Caminhos para o Fortalecimento Institucional
Para que as instituições de defesa do consumidor e dos titulares de dados possam cumprir sua missão, é necessário:
- Incluir a proteção de dados em políticas de defesa do consumidor, com financiamento público específico e de acesso mais facilitado.
- Criar incentivos legais e fiscais para empresas que apoiem instituições do setor com cláusulas de governança e independência.
- Estabelecer parcerias técnicas com universidades, centros de pesquisa e grandes empresas para suprir lacunas de conhecimento.
- Ampliar a atuação em redes, fortalecendo a articulação com defensorias públicas, ministérios públicos, Autoridade Nacional de Proteção de Dados (ANPD) e a Secretaria Nacional do Consumidor (SENACON).
Considerações Finais
As instituições sem fins lucrativos de defesa do consumidor e dos titulares de dados desempenham um papel fundamental em garantir que os direitos previstos em lei sejam, de fato, assegurados na prática. A atuação dessas organizações vai além da orientação individual, promovendo mudanças estruturais, conscientização coletiva, fiscalização social e educação para um consumo responsável e consciente. Contudo, sem financiamento adequado, seu impacto é severamente limitado.
O Estado, a iniciativa privada e a sociedade civil devem reconhecer e apoiar essas entidades como pilares essenciais da democracia, da equidade e da proteção digital dos cidadãos. Por todos os fatos aqui descritos, é hora de mudar a ótica e o reconhecimento dessas importantes organizações para que elas continuem existindo e servindo à população.
Referências :
- BRASIL. Lei nº 8.078/1990 – Código de Defesa do Consumidor.

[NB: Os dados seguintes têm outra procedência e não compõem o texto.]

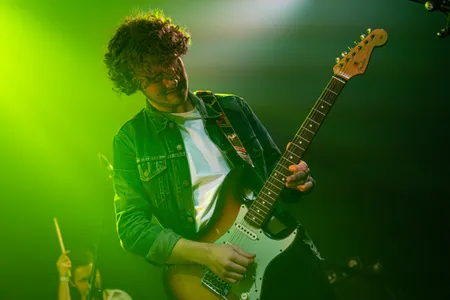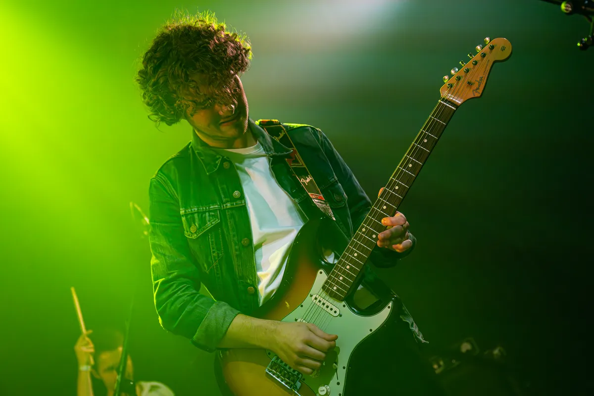 Na het vrolijke Oh So Long, waarin bassist Sem er heerlijke basloopjes uitgooit op zijn vintage Fender, is het tijd voor Closer To You, het nummer waaruit de EP-titel Laughing About The Rain’ afkomstig is. De band zet een mooi intiem sfeertje neer, waarin de stem van Laniek meteen ronder klinkt en prettiger overkomt. Het nummer kabbelt voort en wordt gevolgd door het eveneens subtiele Lost At Sea. Deze combinatie lijkt de mensen achterin de zaal niet echt te raken, want daar wordt volop door de muziek heen gepraat. Met Driving Too Fast wordt weer een tandje bijgeschakeld en Feeling Good Feeling Fine (met fijne walking bass) wordt luidkeels meegezongen door de fans, die uit hun dak gaan bij synchrone high kick van Laniek en Sem.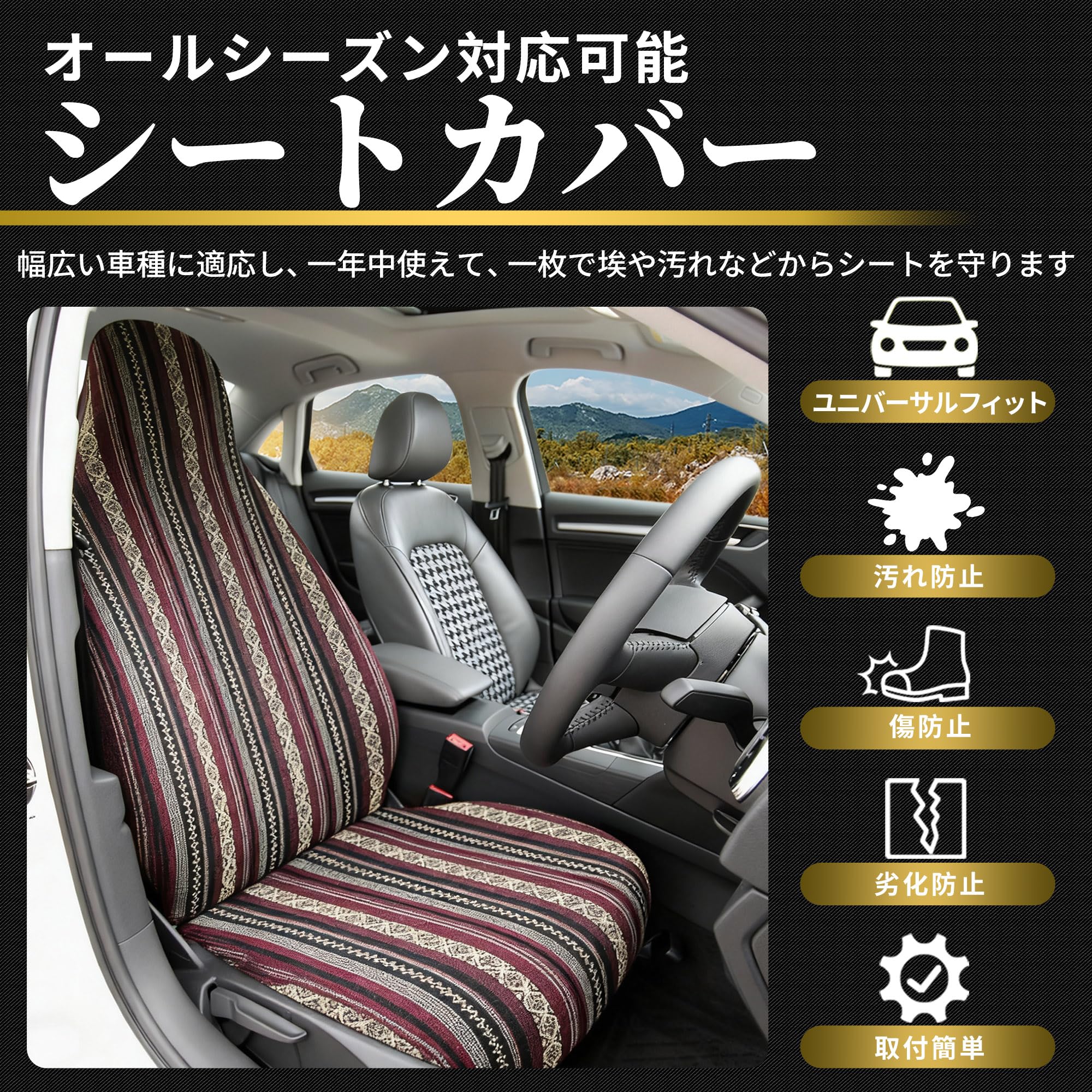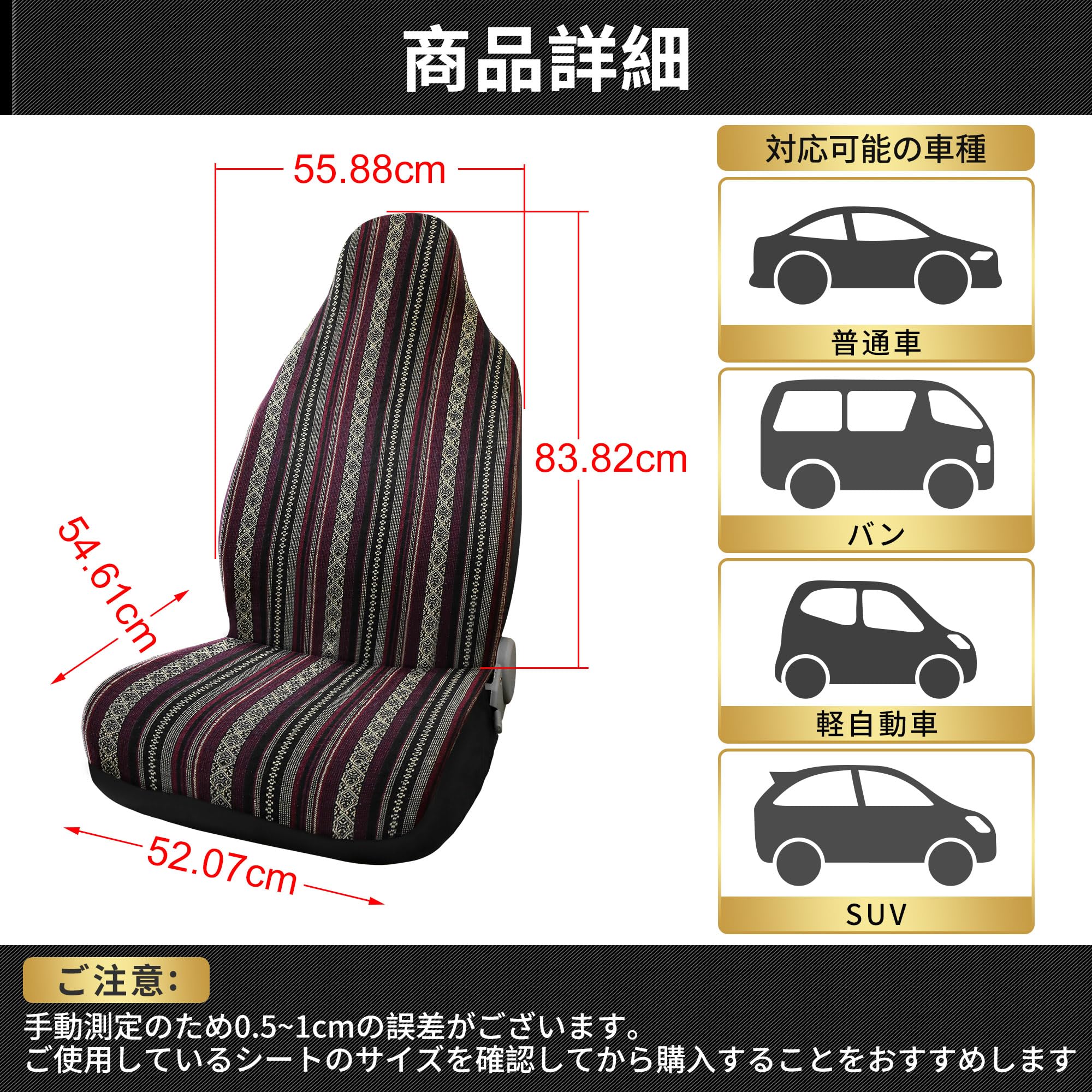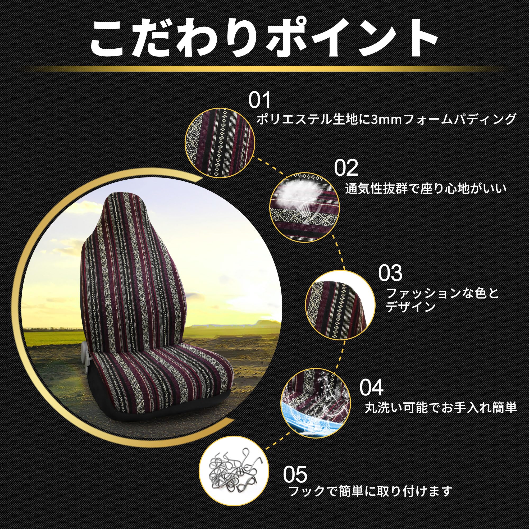 暖かい助言:ご注文の前に車のシートのサイズを確認してください!背もたれカバーサイズ:83 x 55cmクッションカバーサイズ:54 x 52cm製品詳細古典的なデザインの外観と更新された感じは車の座席をより美しくします.ユニバーサルバケットシートカバーはほとんどの座席に適合します.素敵な席を保護したり、古いものを隠すのに役立ちます1個入りにパック、、通気性、洗え、ファッショナブルを販売されます.内蔵または調節可能なヘッドレストでほとんどのシートに適合します.製品説明:ブランケットユニバーサルバケットシートカバーはサウスウエストからインスピレーションを得たデザインと、疲れからシートを保護しながら快適な快適さを提供します.それは伝統的な外観との感じでそれを冷たく保つのに素晴らしい方法です.内蔵または調整可能なヘッドレストでほとんどのシートに適合します.シートカバーはGMCに対応ユーコンおよび起亜セドナに適合しませんフィッティング指示:1、シートの上にシートカバーを引っ張り、調整して滑らかにします.2、フラップをカーシートの隙間にしっかりと引っ張ります.3、シートカバーの底をシートの底に引っ張ります.4、カーシートの底にフック付きの弾性ストラップを取り付け、スムーズにフィットさせます.パッケージに含まれるもの:シートカバー(一部の取り付けフック) 1個入り

- BRASIL. Lei nº 13.709/2018 – Lei Geral de Proteção de Dados Pessoais (LGPD).
- DONEDA, D. Da privacidade à proteção de dados pessoais. Rio de Janeiro: Renovar, 2006.
- INSTITUTO BRASILEIRO DE DEFESA DO CONSUMIDOR. Relatório de Atividades 2022.
- CUNHA, M. P. et al. Governança de dados no Brasil: desafios e oportunidades. Revista de Políticas Públicas Digitais, v. 7, n. 2, 2023.